The front-end is the first thing that it is designed. It encompasses the look
and feel of a web site. This is probably the most established part of the web
site production process. Design has been around since Guttenberg printed his
first bible. Much of what has been used in print media (especially art
magazines) has transferred to the web.
Most well thought out web sites start off with sketches on paper. We like using
the big huge box of crayons, the one with the crayon sharpener built in. Most of
the colors in the "big box" are pleasing to the eye and are web
friendly. If you use begin paying attention to sites you'll notice that only a
few colors are actually used, 256 to be exact. Only about 100 of those won't
give you a headache when you look at them. On request we will give these early
designs to a client that wants to control the look and feel of their site. The
site, of course, never ends up looking like the early designs.

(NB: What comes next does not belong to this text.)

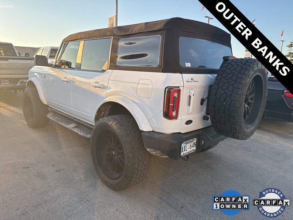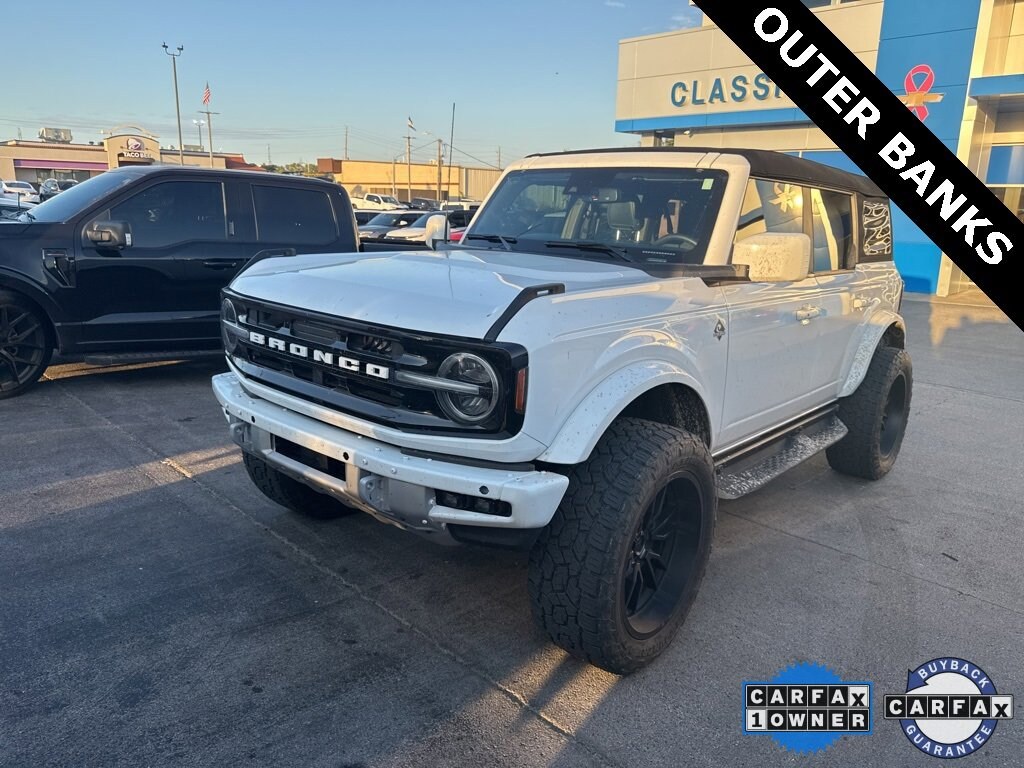 Recent Arrival! **1-OWNER**, **4WD**, **ANDROID CARPLAY**, **APPLE CARPLAY**, **AUTO HEADLIGHTS**, **CLEAN CARFAX 1-OWNER**, **CLEAN CARFAX**, **KEYLESS ENTRY**, **LEATHER**, **LOCAL TRADE**, **NAVIGATION**, **REAR BACKUP CAMERA**, **REMOTE START**, **USB PORT**. Equipment Group 312A Mid Package, 18 Bright Machined Aluminum Wheels, 3.73 Axle Ratio, 4-Wheel Disc Brakes, 7 Speakers, ABS brakes, Air Conditioning, Alloy wheels, AM/FM radio: SiriusXM with 360L, AM/FM Stereo, Auto High-beam Headlights, Auto-dimming Rear-View mirror, Automatic temperature control, Brake assist, Compass, Connected Navigation, Delay-off headlights, Driver door bin, Driver vanity mirror, Dual front impact airbags, Dual front side impact airbags, Electronic Stability Control, Emergency communication system: 911 Assist, Exterior Parking Camera Rear, Front anti-roll bar, Front Bucket Seats, Front Center Armrest, Front dual zone A/C, Front fog lights, Front reading lights, Front wheel independent suspension, Fully automatic headlights, Heated door mirrors, Heated front seats, Heated Leather-Trimmed/Vinyl Bucket Seats, Illuminated entry, Integrated roll-over protection, Leather Shift Knob, Low tire pressure warning, Navigation system: Connected Navigation, Occupant sensing airbag, Outside temperature display, Overhead airbag, Overhead console, Panic alarm, Passenger door bin, Passenger vanity mirror, Power door mirrors, Power driver seat, Power passenger seat, Power steering, Power windows, Radio data system, Radio: 7 Speakers w/Subwoofer, Rear seat center armrest, Remote keyless entry, Security system, SiriusXM Radio w/360L, Speed control, Split folding rear seat, Steering wheel mounted audio controls, SYNC 4, Tachometer, Telescoping steering wheel, Tilt steering wheel, Traction control, Trip computer, Variably intermittent wipers, and Voltmeter. Odometer is 4763 miles below market average!2024 Ford Bronco Outer Banks 4WD 10-Speed Automatic 2.7L EcoBoost V6 Oxford White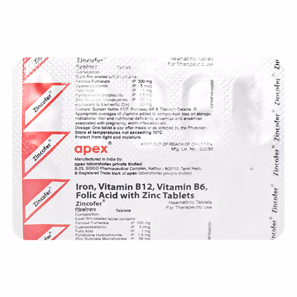 Cyanocobalamin (5mcg), Elemental Zinc (20mg), Ferrous Fumarate (300mg), Folic Acid (1mg), Vitamin B6 / Pyridoxine (1.5mg)

The same idea and
concept is there but because of restrictions colors and whole images are lost.
This brings us to the next part of the front-end, the actual site creation. This
is what many people view as the most important, which is what separates a
professional looking site from an amateur one.
We create the images using products from across the board. Mainly, we stick to
industry standards like Photoshop and Illustrator. After getting the basic image
in terms of proportions and size we create the static HTML page.
This is the basic page you would see if you viewed the page source. This is one
of the most rewarding, most hated and most tedious part of the web design
process. Each browser displays a page differently. Since most users either use
Internet Explorer 4+ or Netscape 4.5 we cater to those two. Sometimes we build a
different site for each, trying to maintain the same layout.
That concludes the front-end section. Personal sites and some small business
sites stop here. While this maybe acceptable today, tomorrow any web site hoping
to attract and keep visitors is going to have a strong back-end.